Alterações Climáticas

Degelo da Gronelândia fez subir 2,2 mm o nível do mar em dois meses

Lucas Jackson

Análise dos dados obtidos por satélites revelam enorme perda de gelo no ano mais quente alguma vez registado no Ártico.

A última década foi a mais quente desde que há registos e o verão de 2019 foi tão quente que derreteu cerca de 600 mil milhões de toneladas de gelo da Gronelândia, o que fez subir o nível do mar em 2,2 milímetros em apenas dois meses, revela o mais recente estudo.

Os cientistas calculam que a enorme camada de gelo da Gronelândia perdeu uma média de 268 mil milhões de toneladas de gelo entre 2002 e 2019 - menos de metade do que perdeu só no último Verão.

O degelo e consequente perda de glaciares fazem com que a água dos mares suba, colocando em risco as cidades e vilas costeiras de todo o mundo.
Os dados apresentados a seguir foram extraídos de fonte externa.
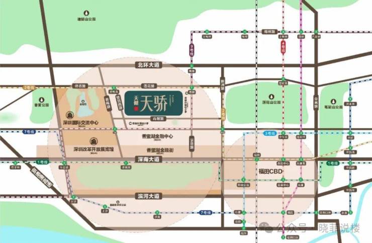 位处福田CBD、香蜜湖金融中心辐射区域,紧邻香蜜湖高端宜居豪宅区、香蜜湖金融街(建设中), 彰显独特的区位优势。

"Já sabíamos que o Verão passado tinha sido particularmente quente na Gronelândia e que a camada de gelo estava a derreter, mas os números são enormes", lamenta a cientista Isabella Velicogna em declarações ao The Guardian.

Velicogna é professora de ciências do sistema terrestre da Universidade Irvine da Califórnia e principal autora do novo estudo que analisou os dados da missão de satélite Gravity Recovery and Climate Experiment (Grace) da NASA e da sucessora mais atualizada, Grace Follow-On.
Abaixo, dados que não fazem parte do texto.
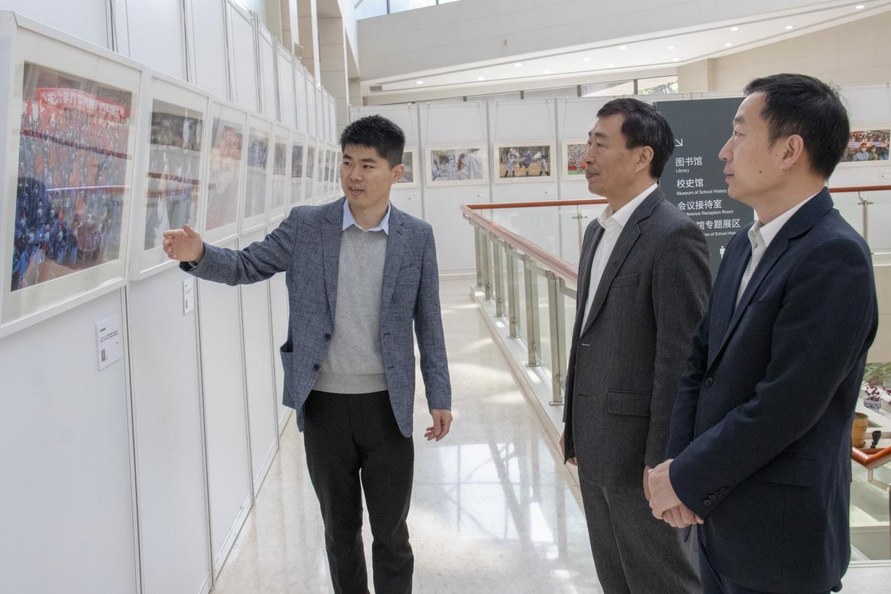 教育部体育卫生与艺术教育司副司长、一级巡视员刘培俊,综合处处长高军;北京印刷学院设计艺术学院党委书记史民峰;中国青年报社运营中心新闻事业部副主任亓洪良来校参观展览。中国传媒大学党委副书记李众、党政办公室主任张绍华、学生工作部副部长兼武装部部长齐金贵、传媒教育基金会秘书处副秘书长杨鹏、传媒博物馆副馆长吴志勇、校史馆副馆长高作志、融媒体中心副主任袁冶一同参观。

Perda de gelo na Gronelândia entre 2002 e 2016

Dados da missão Grace.

Gronelândia perdeu sete vezes mais gelo nos últimos 10 anos do que na década de 90

Os glaciares estão a derreter em todo o mundo devido ao aquecimento global causado pela crise climática provocada pela ação do Homem.
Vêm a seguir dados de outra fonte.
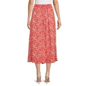 Ganni Red Floral Print Pull On Midi Skirt Size 34/2 NWT
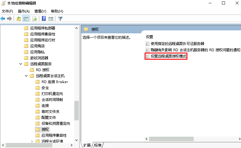 7. 双击打开设置远程桌面授权模式。如下图所示:
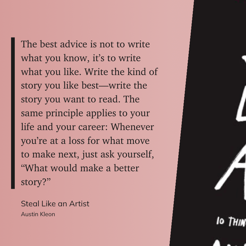 “The best advice is not to write what you know, it’s to write what you like. Write the kind of story you like best—write the story you want to read. The same principle applies to your life and your career: Whenever you’re at a loss for what move to make next, just ask yourself, “What would make a better story?”” (Austin Kleon, Steal Like an Artist)

Na Gronelândia, o gelo está a perder-se a um ritmo sete vezes mais rápido do que na década de 1990, revelaram cientistas no ano passado.

Os cálculos foram refeitos e agora as estimativas apontam para 400 milhões de pessoas em risco de inundação todos os anos até o final do século.

Temperaturas batem novo recorde na Antártida

As mais recentes investigações sobre o gelo na Antártida, a maior camada de gelo da Terra, também mostram que está a perder massa a um ritmo galopante.

"Na Antártica, a perda de massa no oeste prossegue, o que é uma péssima notícia para o aumento do nível do mar", referiu Isabella Velicogna. "Mas também observamos um aumento de massa no setor Atlântico do leste da Antártica por causa do aumento da neve, o que ajuda a mitigar a enorme perda de massa que vimos nas últimas duas décadas noutras partes do continente".

Numa altura em que o mundo está extremamente preocupado com a pandemia de Covid-19, este novo estudo vem mais uma vez demonstrar os perigos do aquecimento global descontrolado.

Estão prevista importantes negociações diplomáticas sobre o clima ainda este ano em Glasgow, mas talvez sejam canceladas como tantos outros projetos pelo mundo devido à pandemia.